-- What the task asks --
For each entry below, please return its exact wording and leave out any picture.

-- Input material --
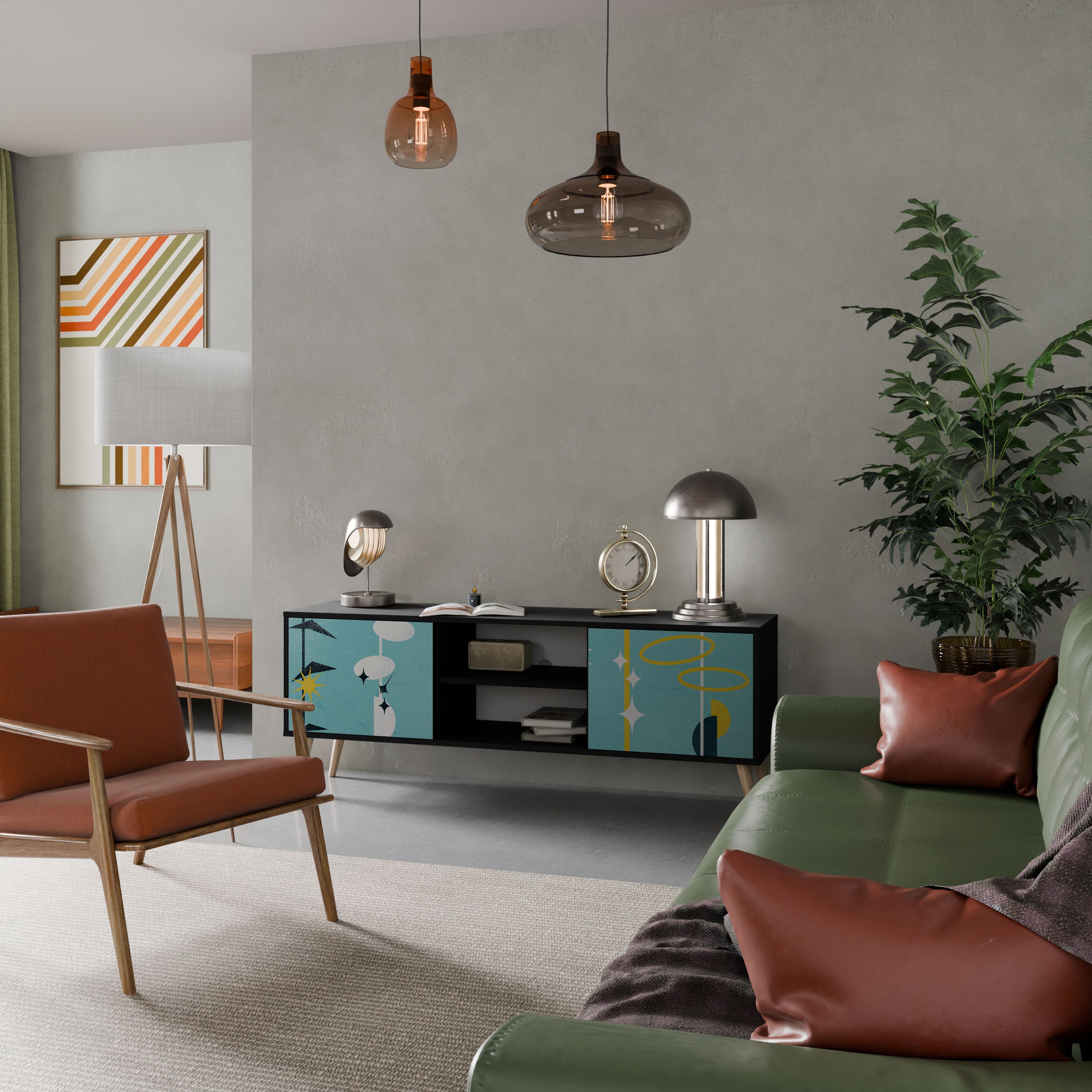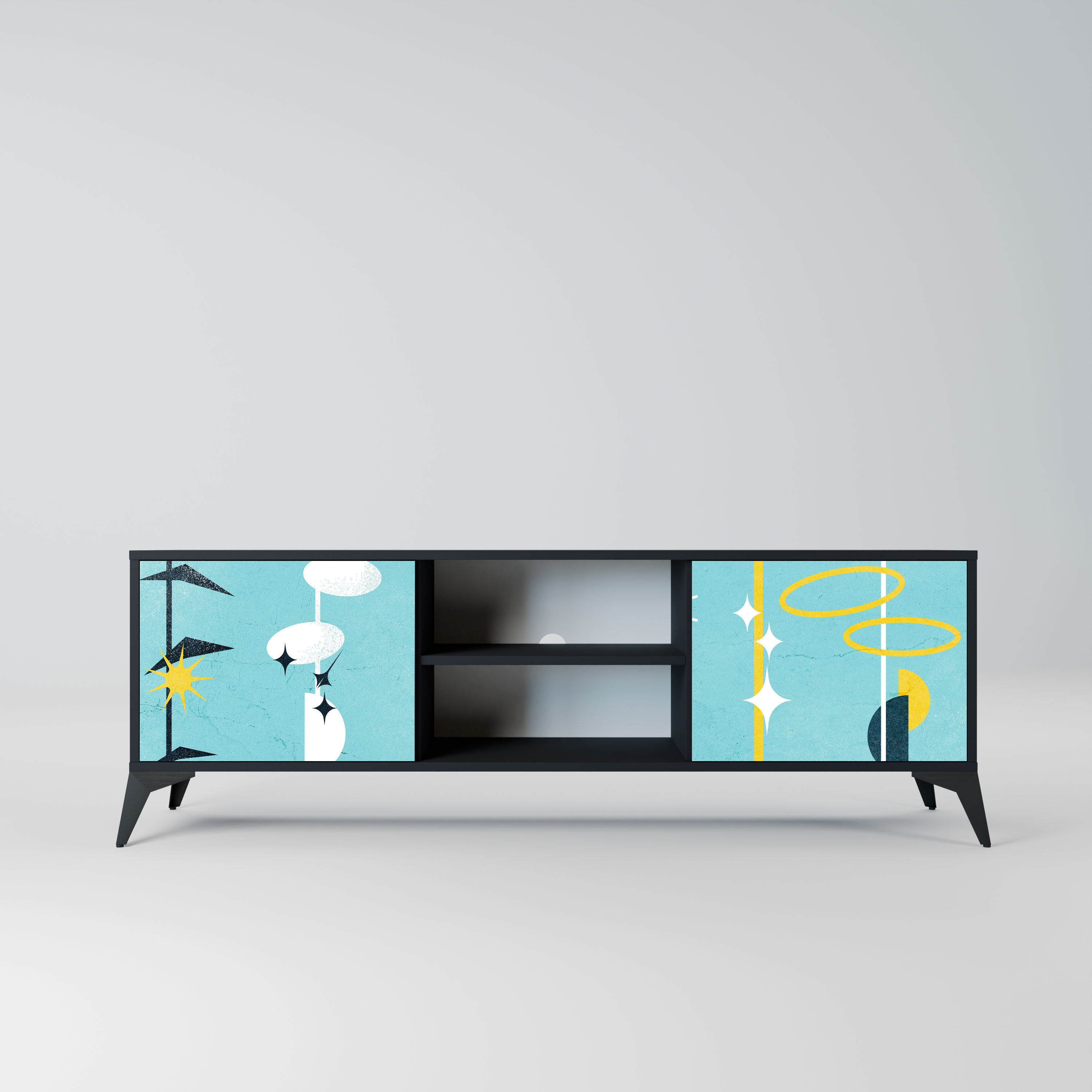 Czarny korpus nadaje szafce eleganckiego, nowoczesnego wyglądu, a fronty z wyjątkowym nadrukiem przyciągają uwagę, czyniąc ją centralnym punktem każdego pomieszczenia. Przestronne wnętrze pomieści sprzęt elektroniczny, kable, piloty i inne akcesoria, pozwalając utrzymać porządek.
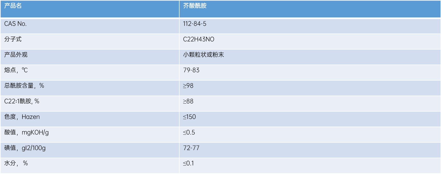 芥酸酰胺为蜡状无异味固体,分子结构中含有较长的碳链和极性的酰胺基,赋予它特别优良的表面活性和良好的耐热稳定性,适合更高的加工温度,以及更持久的爽滑性和更优良的防粘效果。不溶于水,溶于乙醇、乙醚、丙酮和二甲苯等溶剂。环保无毒(通过无毒检测),允许其用于食品容器和食品包装材料中(GB9685-2008),本品已通过SGS绿色环保检测,符合欧盟RoHS环保指令。
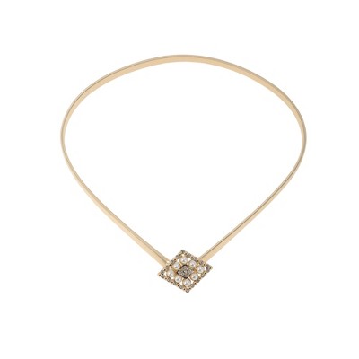 Unique Bargains Women's Faux Pearl Waist Chain Gold Tone 1 Pc
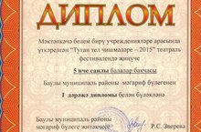 Бүген 9нчы санлы балалар бакчасында "Туган тел чишмәләре" театраль конкурсында катнашучыларны бүләкләделәр. Безнең балалар бакчасы 1 нче урынга лаек булды. "Иң якшы кечкенә актер" наминациясендә җиңүчеләргә грамоталар бирелде: Безенов Даниил, Киракосян Ашот, Таштимиров Ренат, Газимова Ильзира, Бирюкова Вика. Балаларга, тәрбиячеләргә, ата-аналарга зур рәхмәтебезне белдерәбез!
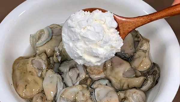 市場買來五斤生蠔,加入適量面粉,輕輕地抓拌兩分鐘。面粉的吸附性強,能帶走生蠔裡面的黏液和其他的臟東西。

-- Task answer --
 Czarny korpus nadaje szafce eleganckiego, nowoczesnego wyglądu, a fronty z wyjątkowym nadrukiem przyciągają uwagę, czyniąc ją centralnym punktem każdego pomieszczenia. Przestronne wnętrze pomieści sprzęt elektroniczny, kable, piloty i inne akcesoria, pozwalając utrzymać porządek.
 芥酸酰胺为蜡状无异味固体,分子结构中含有较长的碳链和极性的酰胺基,赋予它特别优良的表面活性和良好的耐热稳定性,适合更高的加工温度,以及更持久的爽滑性和更优良的防粘效果。不溶于水,溶于乙醇、乙醚、丙酮和二甲苯等溶剂。环保无毒(通过无毒检测),允许其用于食品容器和食品包装材料中(GB9685-2008),本品已通过SGS绿色环保检测,符合欧盟RoHS环保指令。
 Unique Bargains Women's Faux Pearl Waist Chain Gold Tone 1 Pc
 Бүген 9нчы санлы балалар бакчасында "Туган тел чишмәләре" театраль конкурсында катнашучыларны бүләкләделәр. Безнең балалар бакчасы 1 нче урынга лаек булды. "Иң якшы кечкенә актер" наминациясендә җиңүчеләргә грамоталар бирелде: Безенов Даниил, Киракосян Ашот, Таштимиров Ренат, Газимова Ильзира, Бирюкова Вика. Балаларга, тәрбиячеләргә, ата-аналарга зур рәхмәтебезне белдерәбез!
 市場買來五斤生蠔,加入適量面粉,輕輕地抓拌兩分鐘。面粉的吸附性強,能帶走生蠔裡面的黏液和其他的臟東西。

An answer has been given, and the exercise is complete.